In a Financial Times article, Mr Ubben has refuted Mr Mazzo's claims by saying that he has always been "sceptical" of the transaction and denied ever offering money to AMO to support its bid.

Warburg still in the running

The vehement resistance from ValueAct came less than a week after AMO announced it had made a bid for B&L, which is currently in a pending merger agreement with Warburg Pincus (see Clinica No 1264, p 1).
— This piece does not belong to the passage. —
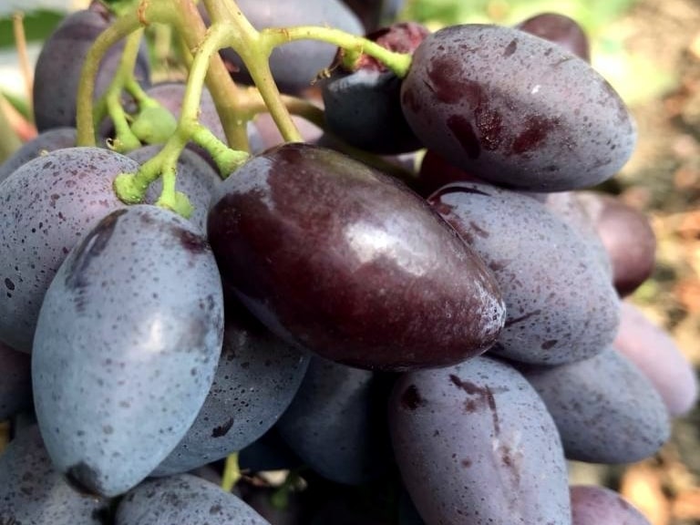 Мякоть винограда очень сочная, плотная и мясистая, буквально тает во рту. Вкус гармоничный, чувствуется мускат.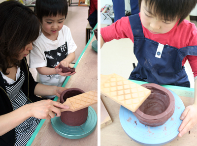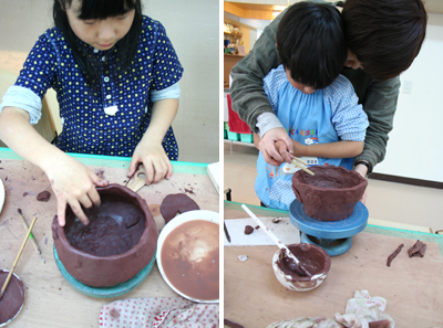 2010年5月5日、えふでもついに陶芸デビュー!最終的には食べるため…いやいや、植物を育てるためのマイ・植木鉢づくり。バジルやルッコラ、ほうれん草や水菜など、それぞれ育てたい植物に合わせた形の鉢を目指す!

While AMO's $75-per-share proposal is $10 more than Warburg's, it is said that B&L may still be swayed by the all-cash nature of Warburg's offer.

According to Wachovia analyst Larry Biegelsen, a transaction with Warburg also has other advantages such as a lower regulatory risk (Warburg last week received US antitrust approval to acquire B&L), there is no requirement for shareholder approval, and, therefore, the prospect of a speedier completion time. "In addition, Warburg has deeper pockets," wrote Mr Biegelsen. "Given these advantages, Warburg could potentially acquire Bausch for less than what AMO is offering."

The Wachovia analyst was less upbeat about the financial upside AMO will gain should it succeed in acquiring B&L. "While we see some strategic rationale for [the acquisition], we are concerned that AMO could overpay for B&L and overextend itself. In addition we have lower expectations than management regarding accretion from a potential deal," he noted.

AMO is currently dealing with the fallout from a worldwide recall of its MoisturePlus contact lens cleaner. The recall followed a study that suggested a link between the use of the solution and a higher incidence of a bacterial eye infection.

B&L has also been hit hard by recalls of its contact lens cleaner. Mirroring AMO, the company last year removed its MoistureLoc product off the shelves for good, after it had been linked to several eye fungal infections. The company's Greenville, South Carolina facilities were scrutinised by the FDA as a result and B&L was slapped with a warning letter. The factory and distribution centre last week received the all-clear from the agency following an inspection, deeming both facilities to be in "acceptable compliance".